COLLECTED DATA:
Content starts

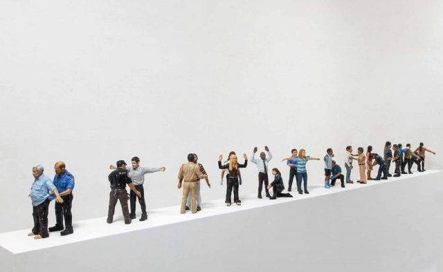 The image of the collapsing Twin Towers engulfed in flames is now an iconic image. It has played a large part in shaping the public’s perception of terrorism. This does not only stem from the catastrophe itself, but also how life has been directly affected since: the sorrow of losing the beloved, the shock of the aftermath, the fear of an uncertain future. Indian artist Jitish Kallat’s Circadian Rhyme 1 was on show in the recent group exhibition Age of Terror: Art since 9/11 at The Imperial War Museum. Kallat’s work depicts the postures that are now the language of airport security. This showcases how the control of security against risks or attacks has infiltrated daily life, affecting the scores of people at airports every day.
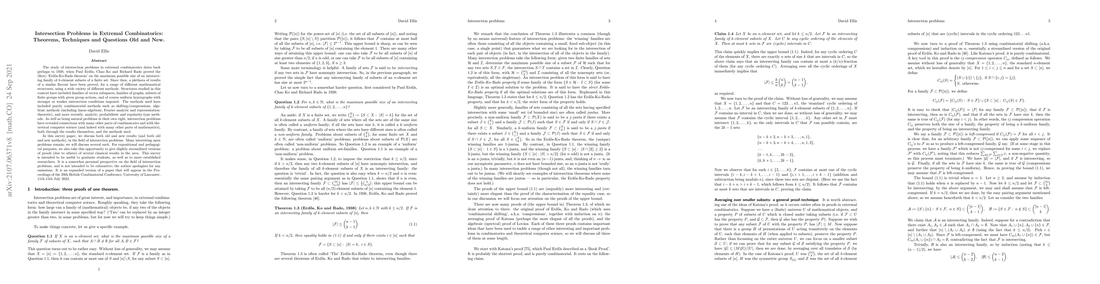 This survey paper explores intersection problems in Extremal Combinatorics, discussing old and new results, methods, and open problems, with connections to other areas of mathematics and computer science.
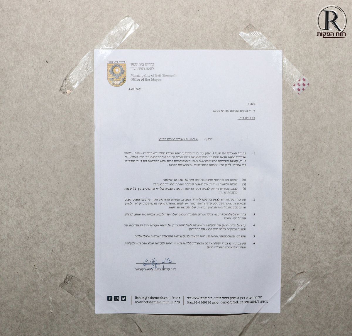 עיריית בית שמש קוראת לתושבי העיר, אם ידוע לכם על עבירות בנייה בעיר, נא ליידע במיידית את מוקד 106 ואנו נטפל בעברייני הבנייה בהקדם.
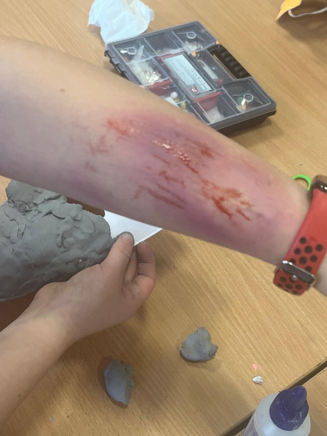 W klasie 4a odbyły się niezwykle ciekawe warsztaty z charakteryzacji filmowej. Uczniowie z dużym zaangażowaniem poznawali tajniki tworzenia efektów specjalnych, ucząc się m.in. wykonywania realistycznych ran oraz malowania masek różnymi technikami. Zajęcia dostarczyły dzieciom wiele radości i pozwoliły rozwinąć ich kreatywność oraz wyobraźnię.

Content ends

ABOUT THIS TASK:
Repeat only what lies between the start of the data and the end of the line containing "עיריית בית שמש", exactly, with pictures left out.

RESULT OF THIS EXERCISE:
 The image of the collapsing Twin Towers engulfed in flames is now an iconic image. It has played a large part in shaping the public’s perception of terrorism. This does not only stem from the catastrophe itself, but also how life has been directly affected since: the sorrow of losing the beloved, the shock of the aftermath, the fear of an uncertain future. Indian artist Jitish Kallat’s Circadian Rhyme 1 was on show in the recent group exhibition Age of Terror: Art since 9/11 at The Imperial War Museum. Kallat’s work depicts the postures that are now the language of airport security. This showcases how the control of security against risks or attacks has infiltrated daily life, affecting the scores of people at airports every day.
 This survey paper explores intersection problems in Extremal Combinatorics, discussing old and new results, methods, and open problems, with connections to other areas of mathematics and computer science.
 עיריית בית שמש קוראת לתושבי העיר, אם ידוע לכם על עבירות בנייה בעיר, נא ליידע במיידית את מוקד 106 ואנו נטפל בעברייני הבנייה בהקדם.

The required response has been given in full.